That’s it. Three lines, one of them blank.

Now, for details: open System, IO, File opens three modules System (which contains all system-related functions, including input/output, file management, etc.), IO (the submodule of System containing all the operations on inputs and outputs), and File (the submodule of System containing all the necessary to open files for reading, writing, etc.).

Let’s move on to the last line. Function iter is defined in module Standard, which means that you don’t need to open any module to be able to use it. This function is a general imperative loop on enumerations. This is the equivalent of loop for-each in some languages. Perhaps I should detail what enumerations are: they are a read-and-forget data structure used pervasively in OCaml Batteries Included, and which replaces streams. By opposition to lists, arrays, etc., enumerations are built lazily and discarded as they are read, which makes them quite convenient for loops, or for accessing possibly huge sets of data — depending on your background, you may think of these either as streams (in OCaml and most languages) or as iterators (in Python, JavaScript and other dynamic languages). Oh, and for functional-minded people, don’t worry, your usual functional loops are available on enumerations, too. You can fold, map or unfold at will.

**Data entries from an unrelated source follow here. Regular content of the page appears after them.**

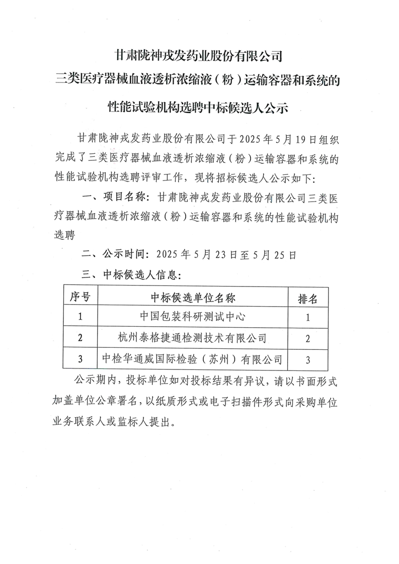 甘肅隴神戎發(fā)藥業(yè)股份有限公司三類醫(yī)療器械血液透析濃縮液(粉)運(yùn)輸容器和系統(tǒng)的性能試驗(yàn)機(jī)構(gòu)選聘中標(biāo)候選人公示
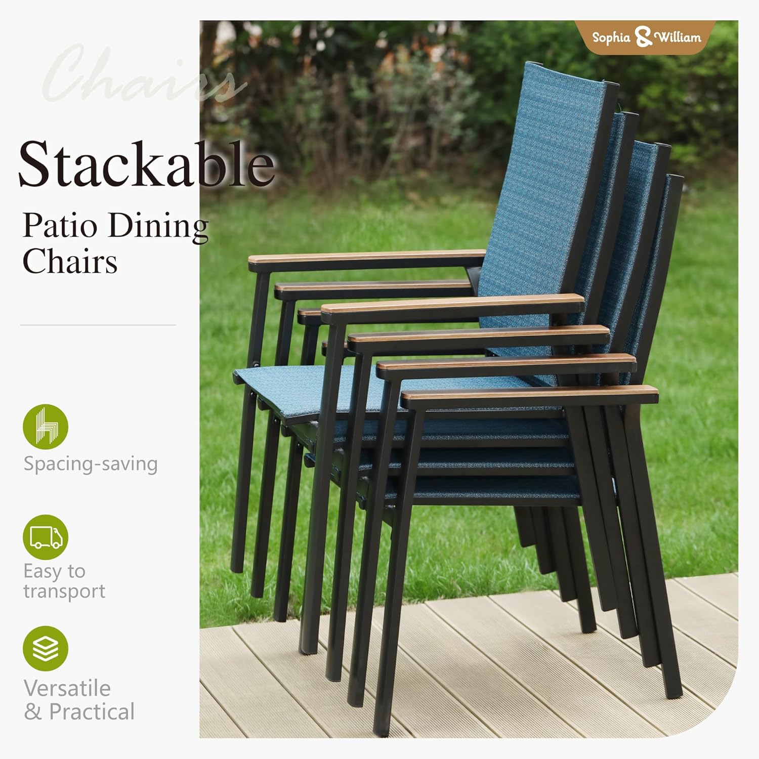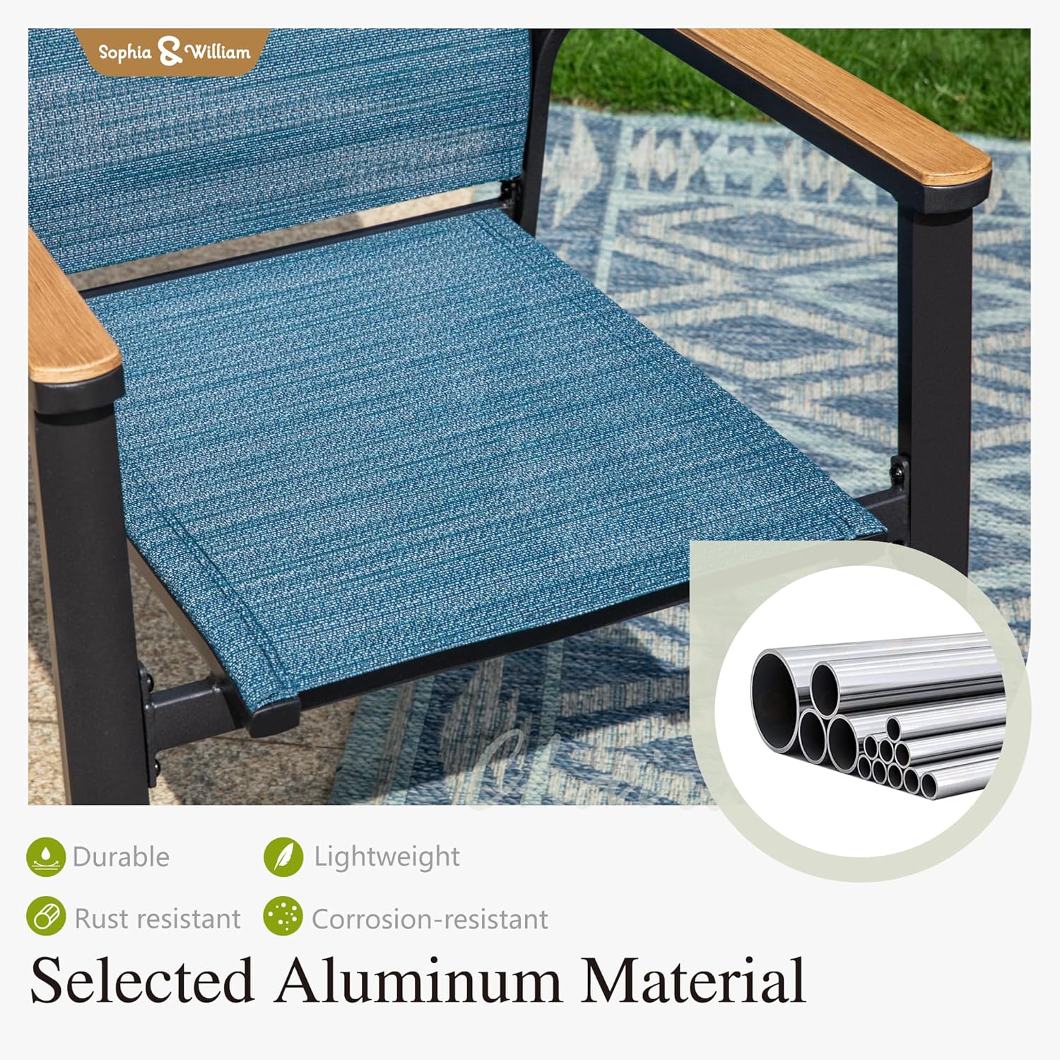 Sophia & William Lightweight Aluminum Outdoor Chair 4 Pieces, Rust-Resistant Aluminum Frame Patio Chairs, Stackable Design for Space Saving-Blue
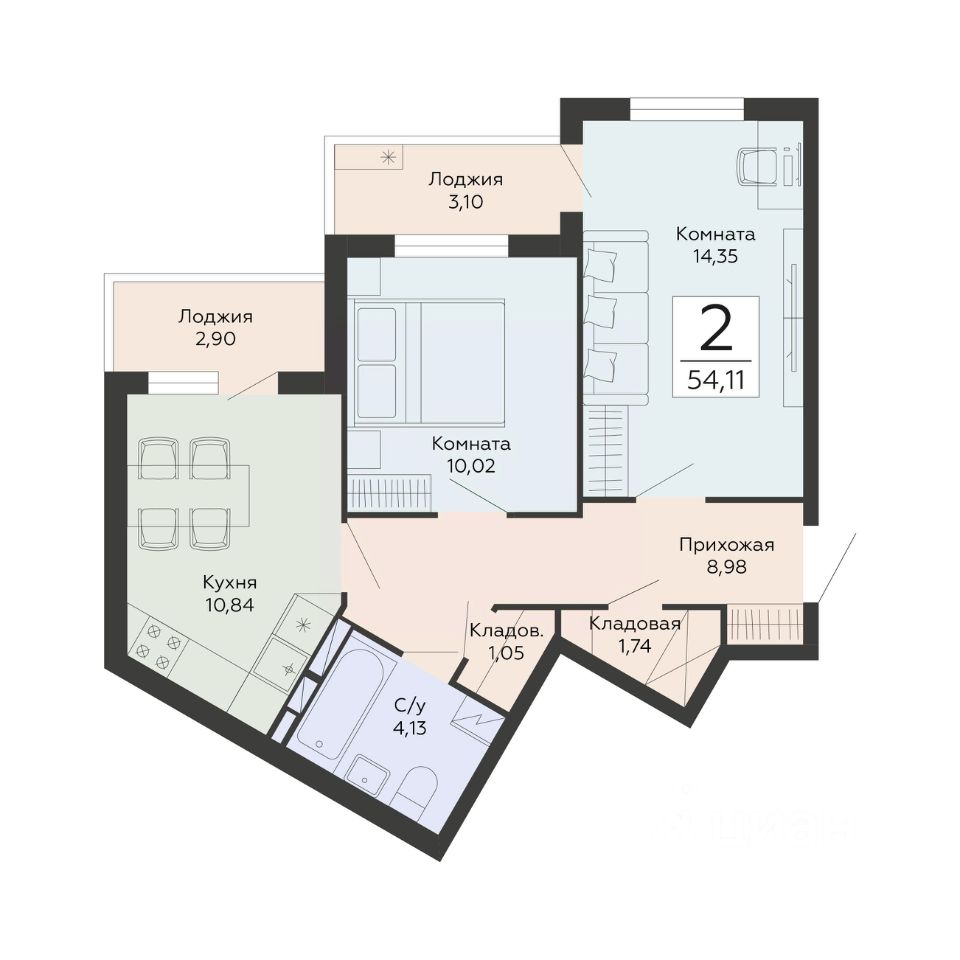 Продаётся 2-комнатная квартира в строящемся доме (1 этап), срок сдачи: IV-кв. 2029, общей площадью 54.11 кв.м., на 3 этаже. Новый жилой комплекс от группы компаний "Развитие" расположен по адресу: г. Воронеж, по ул. Туполева.
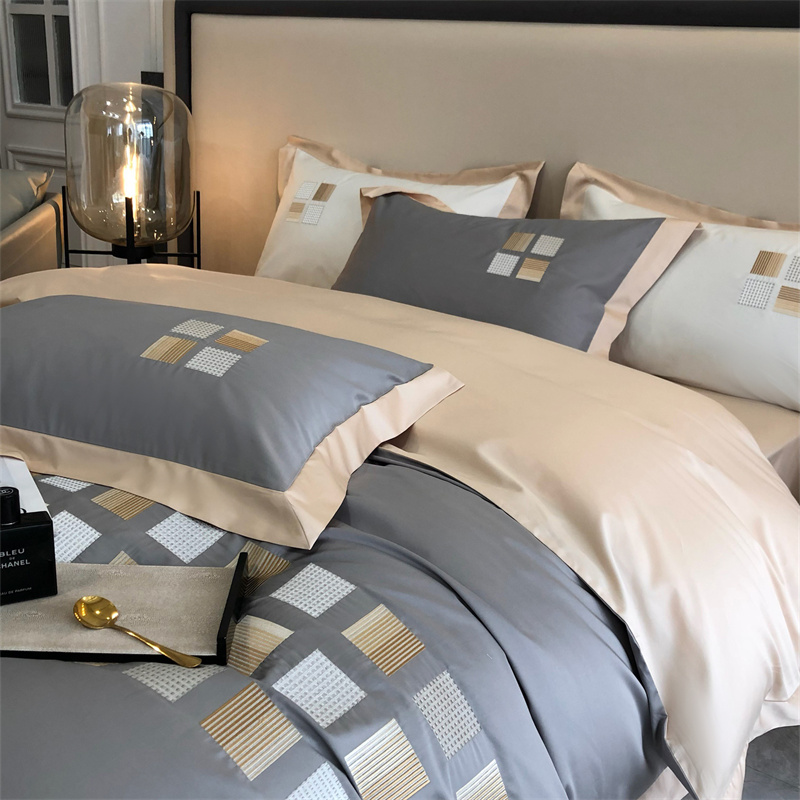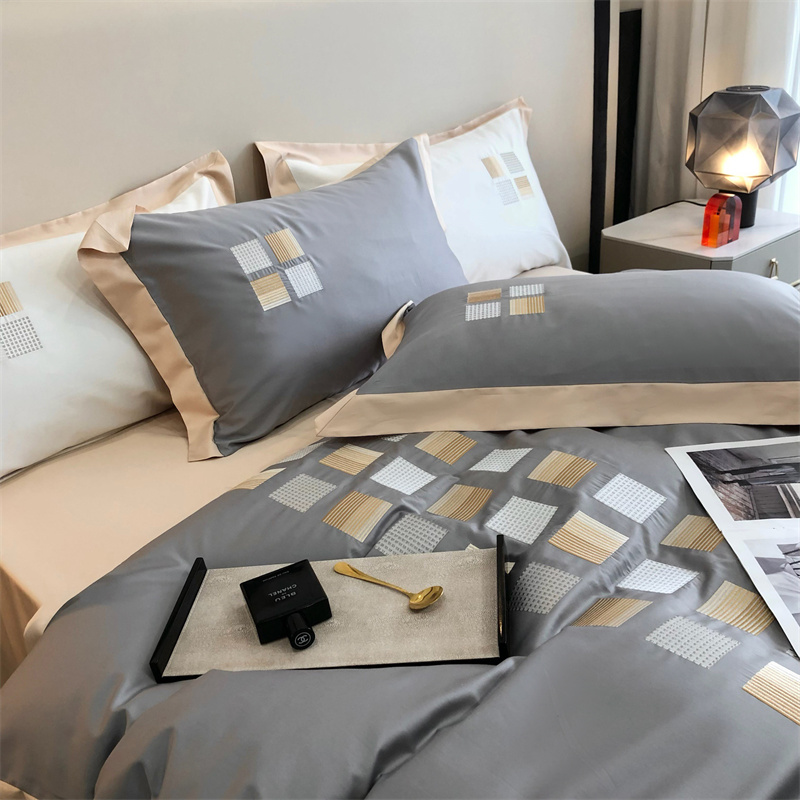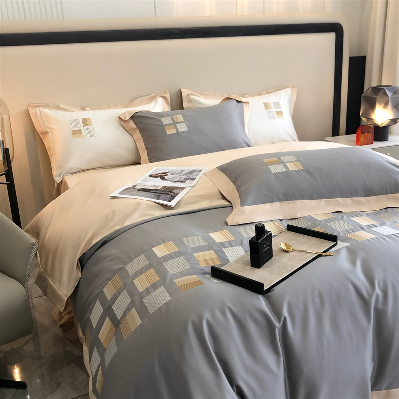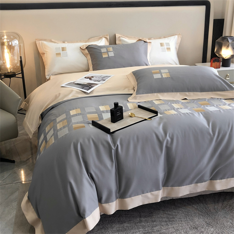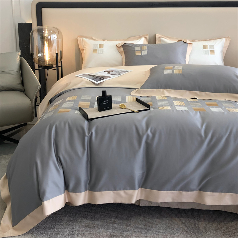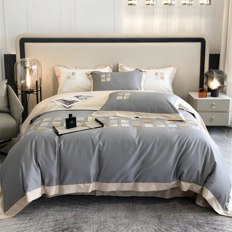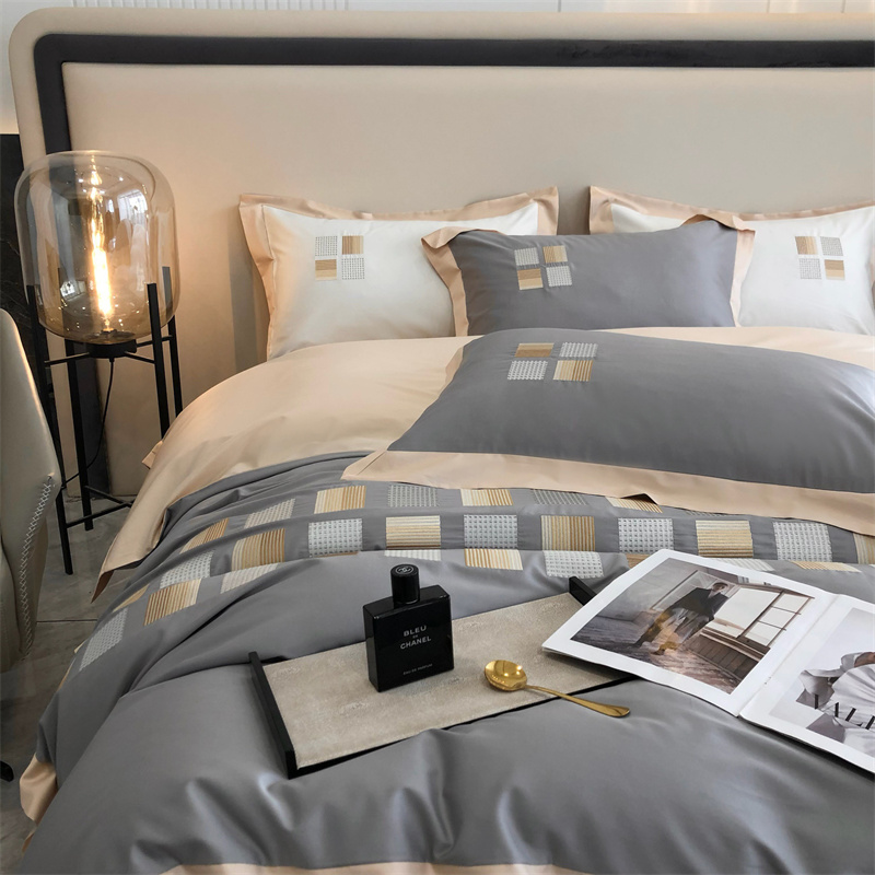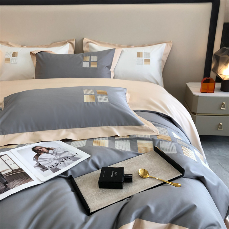 商品名称:太古汇 2022新款长绒棉高定绣花魔方四件套场景一 魔方-灰色

So, what does iter do? Well, if asked, OCaml will tell you that it has type ('a -> unit) -> 'a Enum.t -> unit. In other words, for any type 'a, this function takes as first argument a function (let’s call it f), as second argument an enumeration of elements of  type 'a and returns nothing. Function f itself should take as argument an element of type 'a and return nothing. In other words, iter takes a function which works on one element of type 'a and turns it into a function which works on a whole enumeration of elements of type 'a. Yep, it’s called a loop.

Before looking at the definition of the function, let’s take a look at the enumeration passed to iter: args (). Well, if we look at the documentation (for instance by using our on-line help), we may read

args(): An enumeration of the arguments passed to this program through the command line.

So, args () is your usual pair argc;, argv (if you come from C) or args [] (if you come from Java). By opposition to Java, you don’t have to always put them in your program, if you don’t use them, and by opposition to both, it’s an enumeration, which makes more sense than an array, since you don’t need to modify them and since you always move forward among the arguments. Still, if you need it as an array, it’s available in a package. No more on this for the moment.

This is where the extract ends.